### TO DO
For the entries below, return the line holding "mlorenz Raised Star" together with all lines after it, unchanged, and leave every picture out.

### DATA TO USE
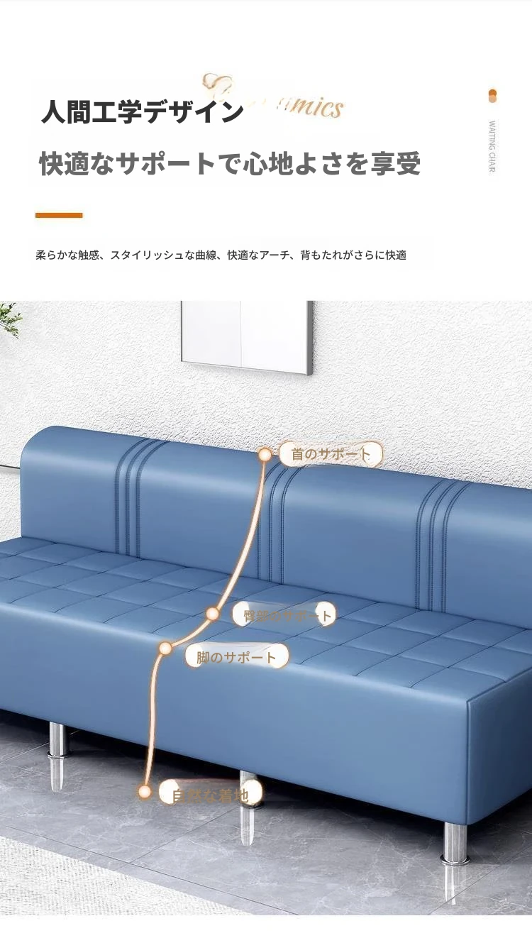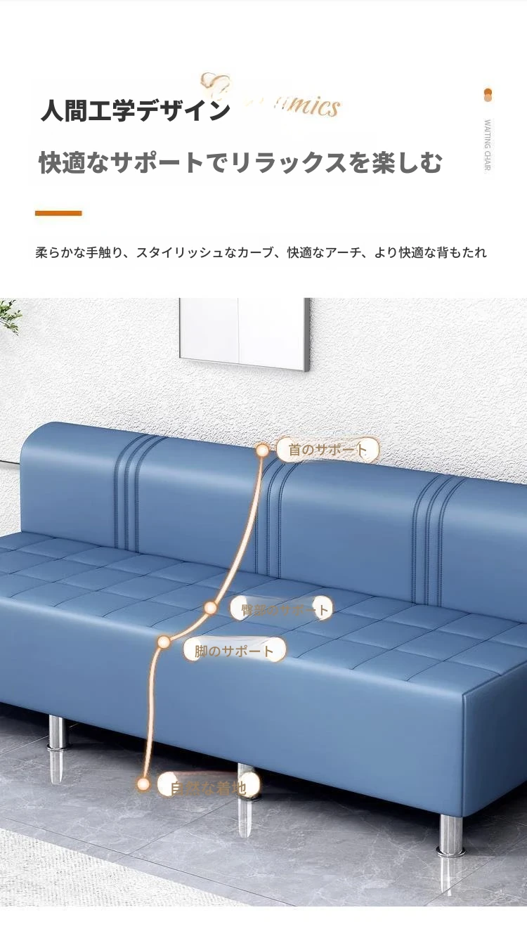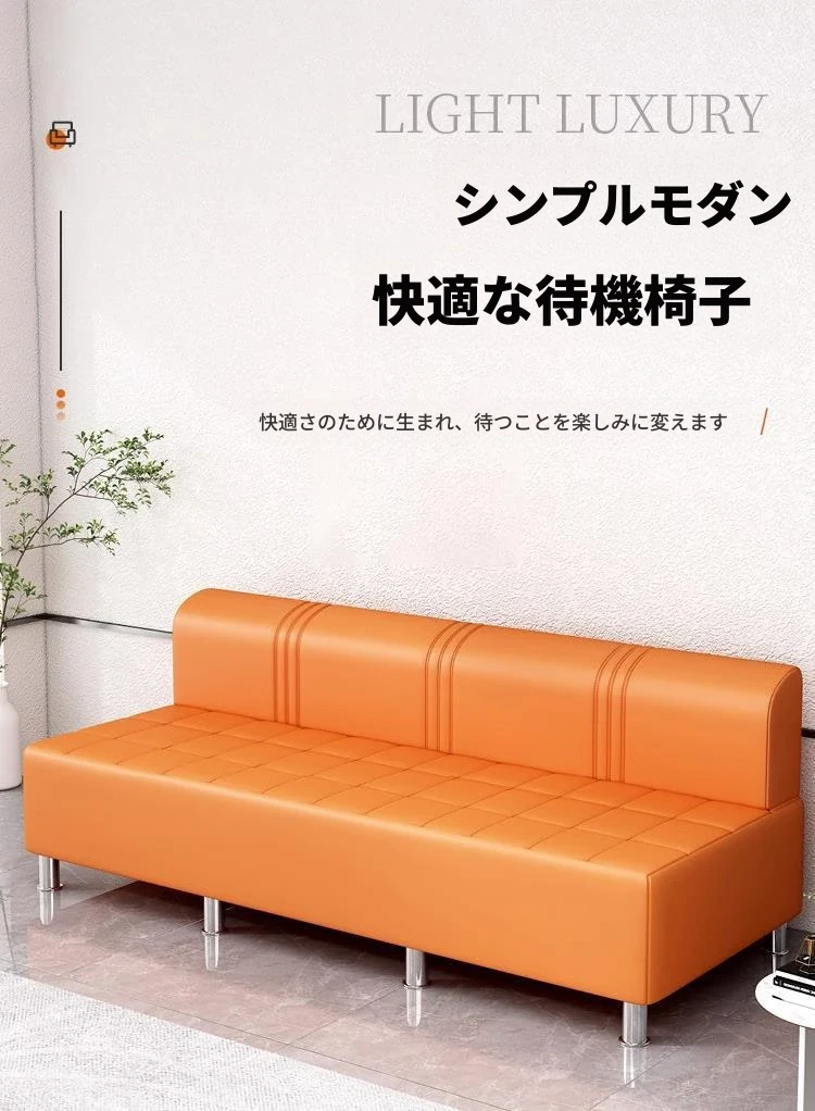 おしゃれな美容室専用!人気のヘアサロン待機椅子 - お客様がリラックスできるソファタイプの長椅子で、快適な待ち時間を提供します。美容室の雰囲気を高めるスタイリッシュなデザイン!
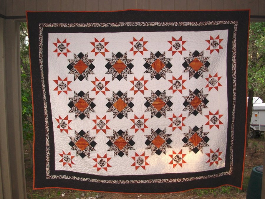mlorenz Raised Star - My mother purcahsed the batik fabric in Mexico City in 1970 for $10 a yard. IT took me years to talk her into letting me have the yardage. It then took me three years to find complimentary fabrics and another two years to decide on a block that would work.
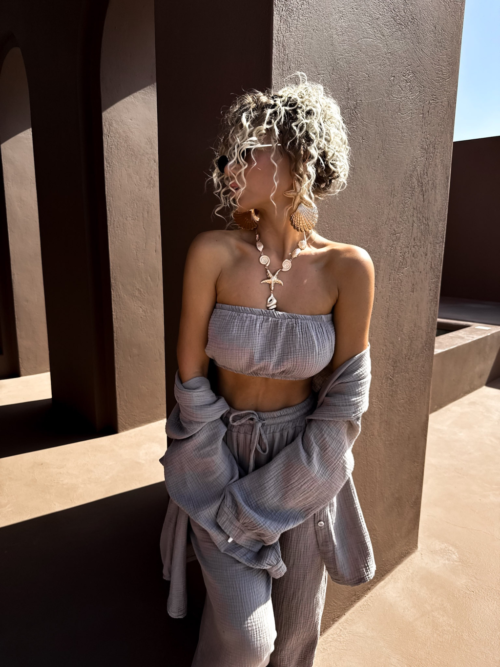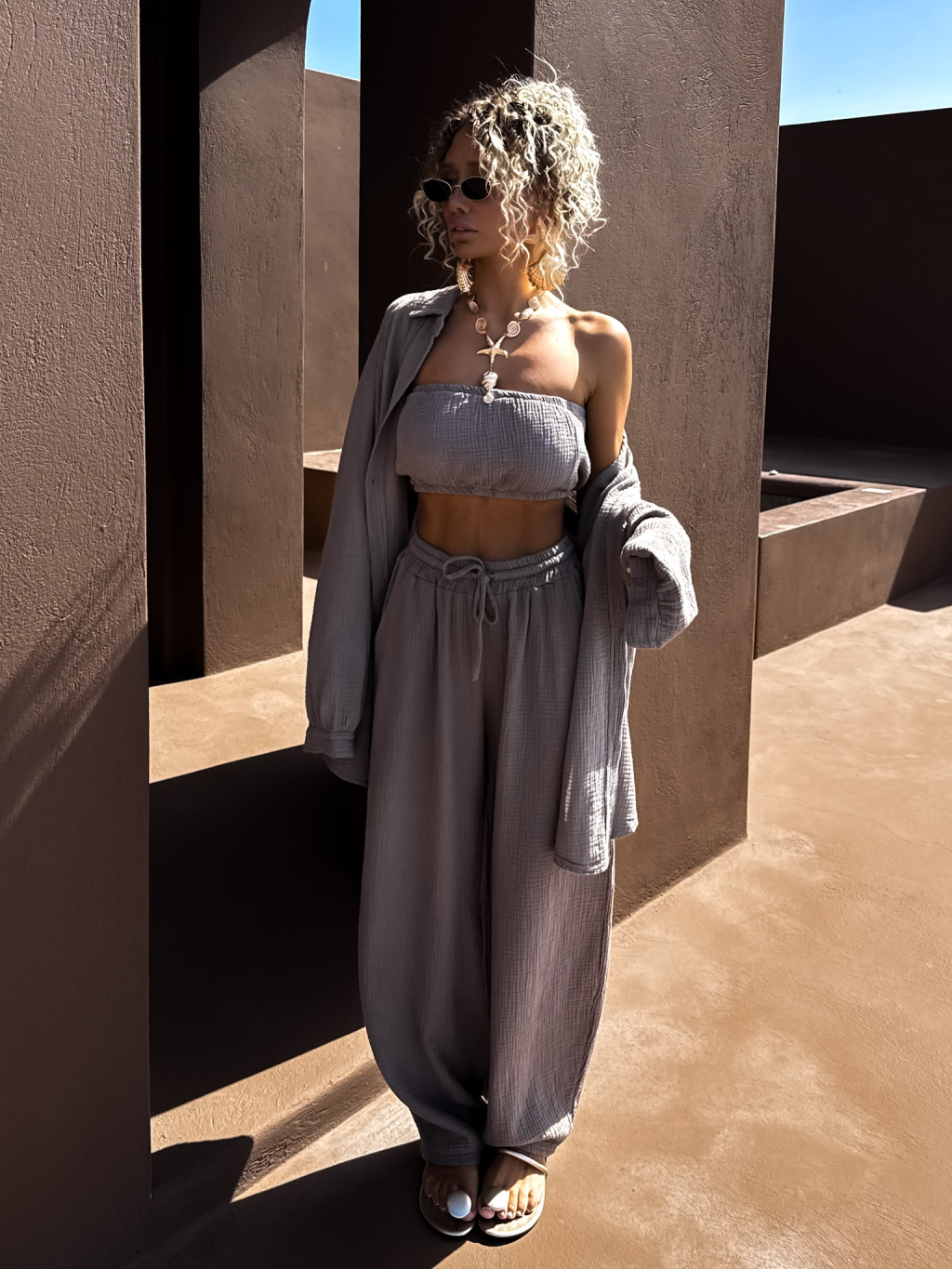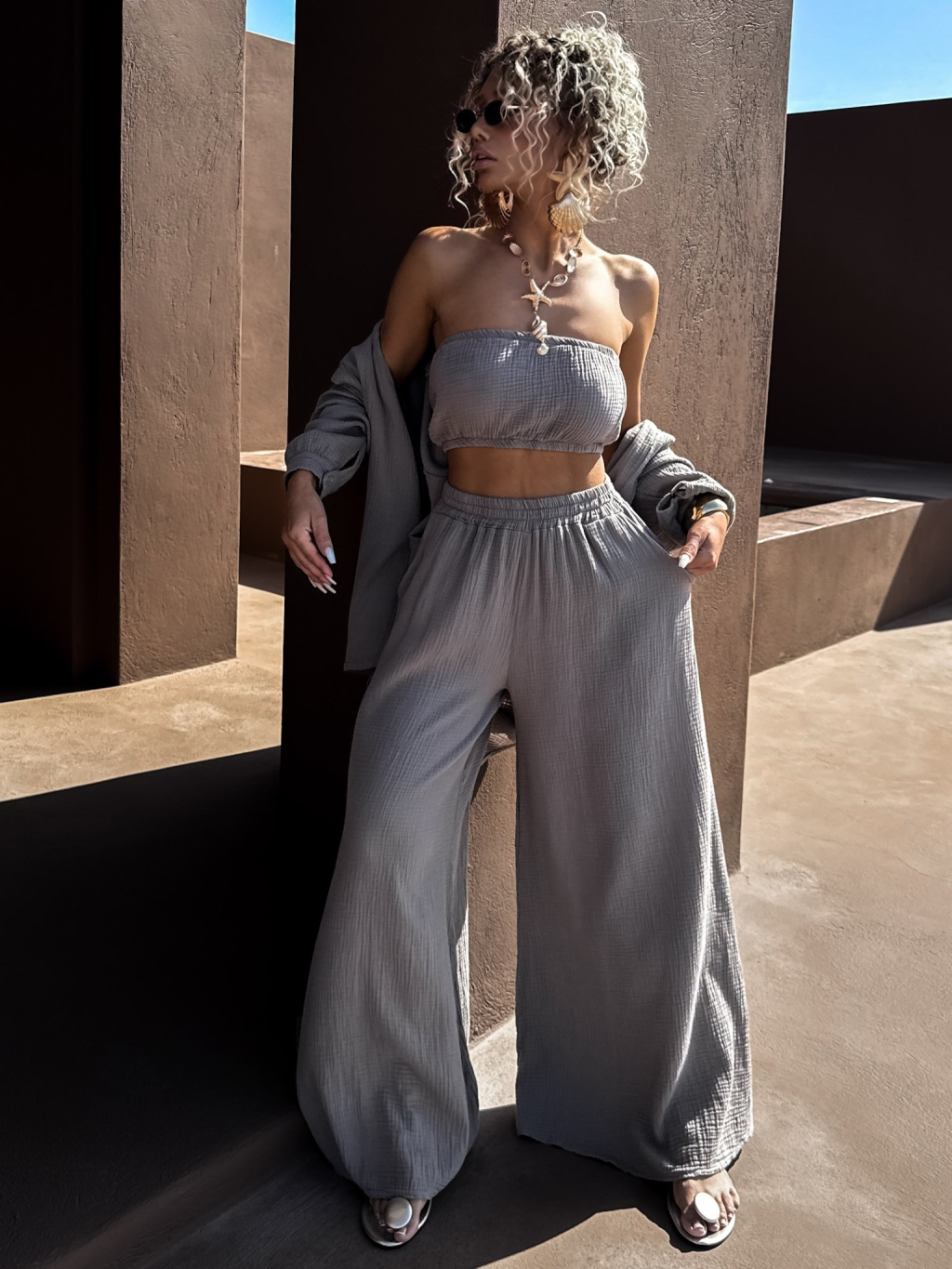 Šedohnědý mušelínový top BALEEN pás přes prsa
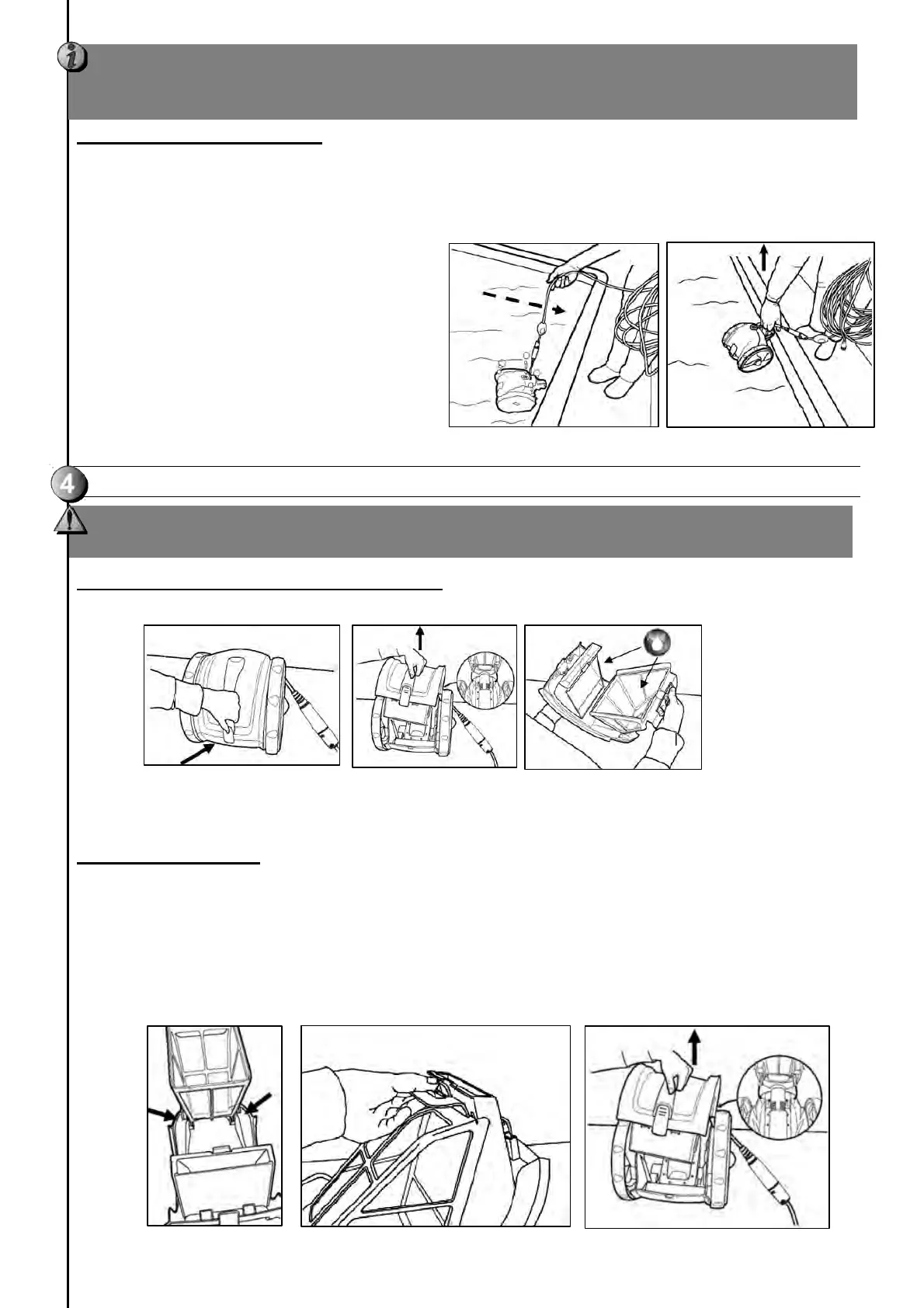 • Only lift the cleaner from the water using the
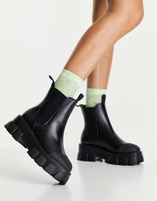 Truffle Collection chunky chelsea boots in black with exaggerated sole
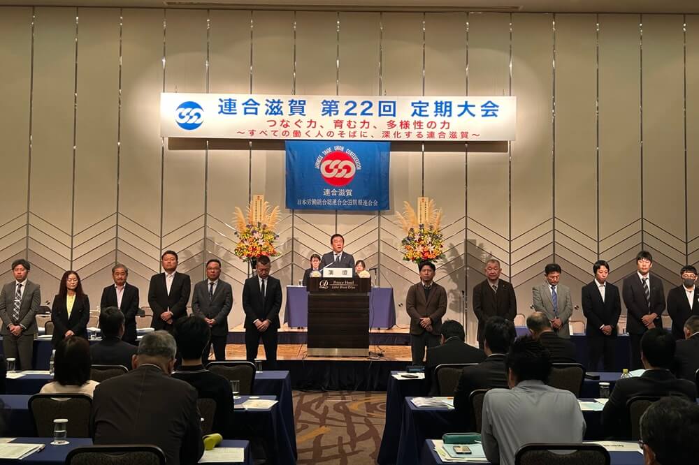 連合滋賀は2025年11月7日(金)にびわ湖大津プリンスホテルにおいて、「つなぐ力、育む力、多様性の力 ~すべての働く人のそばに、深化する連合滋賀~」をスローガンとした連合滋賀第22回定期大会を開催し、構成組織代表の代議員、特別代議員、傍聴者および連合滋賀役員等188名が参加しました。

### SOLUTION FOR THIS EXERCISE
mlorenz Raised Star - My mother purcahsed the batik fabric in Mexico City in 1970 for $10 a yard. IT took me years to talk her into letting me have the yardage. It then took me three years to find complimentary fabrics and another two years to decide on a block that would work.
 Šedohnědý mušelínový top BALEEN pás přes prsa
 • Only lift the cleaner from the water using the
 Truffle Collection chunky chelsea boots in black with exaggerated sole
 連合滋賀は2025年11月7日(金)にびわ湖大津プリンスホテルにおいて、「つなぐ力、育む力、多様性の力 ~すべての働く人のそばに、深化する連合滋賀~」をスローガンとした連合滋賀第22回定期大会を開催し、構成組織代表の代議員、特別代議員、傍聴者および連合滋賀役員等188名が参加しました。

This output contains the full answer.